### Data
· · · ·

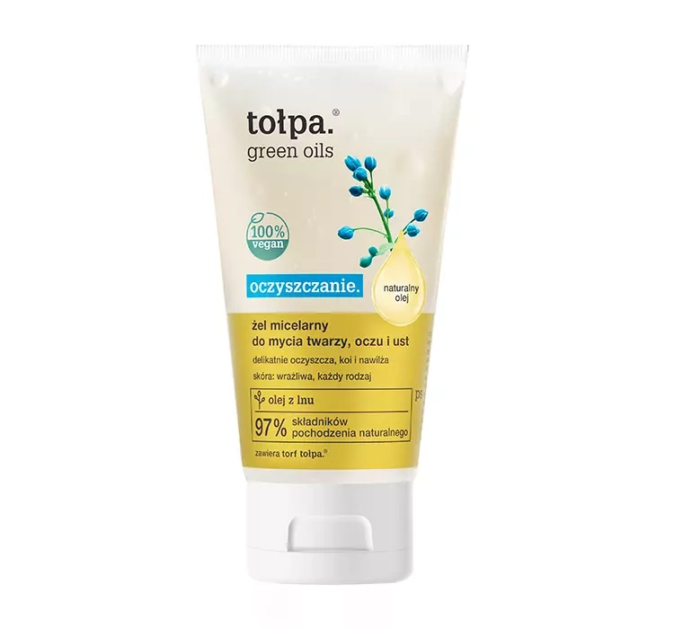 Das Mizellengel von Tołpa aus der Green Oils-Serie ist ein mildes Kosmetikum, das das Gesicht reinigt und Unreinheiten entfernt.
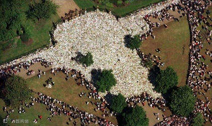 1997年9月,肯辛顿宫外,群众为戴安娜王妃献花。(白色的都是花)
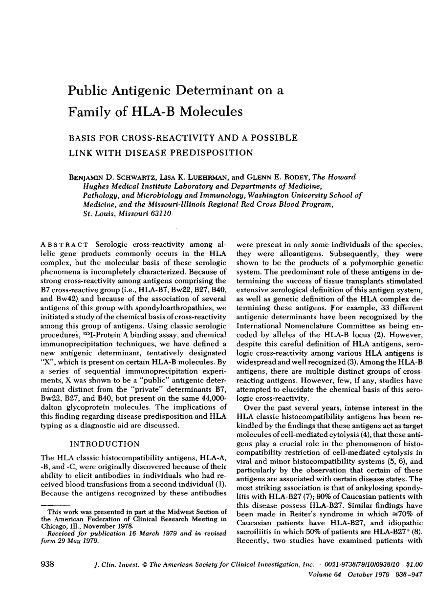 Serologic cross-reactivity among allelic gene products commonly occurs in the HLA complex, but the molecular basis of these serologic phenomena is incompletely characterized. Because of strong cross-reactivity among antigens comprising the B7 cross-reactive group (i.e., HLA-B7, Bw22, B27, B40, and Bw42) and because of the association of several antigens of this group with spondyloarthropathies, we initiated a study of the chemical basis of cross-reactivity among this group of antigens. Using classic serologic procedures, 125I-Protein A binding assay, and chemical immunoprecipitation techniques, we have defined a new antigenic determinant, tentatively designated "X", which is present on certain HLA-B molecules. By a series of sequential immunoprecipitation experiments, X was shown to be a "public" antigenic determinant distinct from the "private" determinants B7, Bw22, B27, and B40, but present on the same 44,000-dalton glycoprotein molecules. The implications of this finding regarding disease predisposition and HLA typing as a diagnostic aid are discussed.
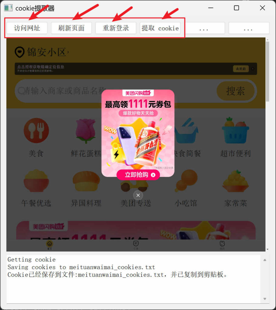 访问网址、刷新页面、重新登录、提取cookie四个按钮。工具默认打开美团外卖首页,直接加载。
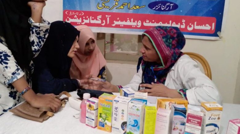 On Sunday, October 26, a free medical camp was successfully organized in Gulshan-e-Bahar, Sector 16, Orangi Town by the Ehsan Welfare Development Organization in collaboration with the Babar Foundation. The event was graced by several social and political figures, including Syed Hasnain, Head of Ehsaas Orangi; Mazhar Imam Bhai, PA and Coordinator to the Commissioner District West; and Mukhtiarkar Irfan Lashari.

· · · ·

### What is expected
Drop the pictures and reproduce the rest of the data exactly.

### Answer section
 Das Mizellengel von Tołpa aus der Green Oils-Serie ist ein mildes Kosmetikum, das das Gesicht reinigt und Unreinheiten entfernt.
 1997年9月,肯辛顿宫外,群众为戴安娜王妃献花。(白色的都是花)
 Serologic cross-reactivity among allelic gene products commonly occurs in the HLA complex, but the molecular basis of these serologic phenomena is incompletely characterized. Because of strong cross-reactivity among antigens comprising the B7 cross-reactive group (i.e., HLA-B7, Bw22, B27, B40, and Bw42) and because of the association of several antigens of this group with spondyloarthropathies, we initiated a study of the chemical basis of cross-reactivity among this group of antigens. Using classic serologic procedures, 125I-Protein A binding assay, and chemical immunoprecipitation techniques, we have defined a new antigenic determinant, tentatively designated "X", which is present on certain HLA-B molecules. By a series of sequential immunoprecipitation experiments, X was shown to be a "public" antigenic determinant distinct from the "private" determinants B7, Bw22, B27, and B40, but present on the same 44,000-dalton glycoprotein molecules. The implications of this finding regarding disease predisposition and HLA typing as a diagnostic aid are discussed.
 访问网址、刷新页面、重新登录、提取cookie四个按钮。工具默认打开美团外卖首页,直接加载。
 On Sunday, October 26, a free medical camp was successfully organized in Gulshan-e-Bahar, Sector 16, Orangi Town by the Ehsan Welfare Development Organization in collaboration with the Babar Foundation. The event was graced by several social and political figures, including Syed Hasnain, Head of Ehsaas Orangi; Mazhar Imam Bhai, PA and Coordinator to the Commissioner District West; and Mukhtiarkar Irfan Lashari.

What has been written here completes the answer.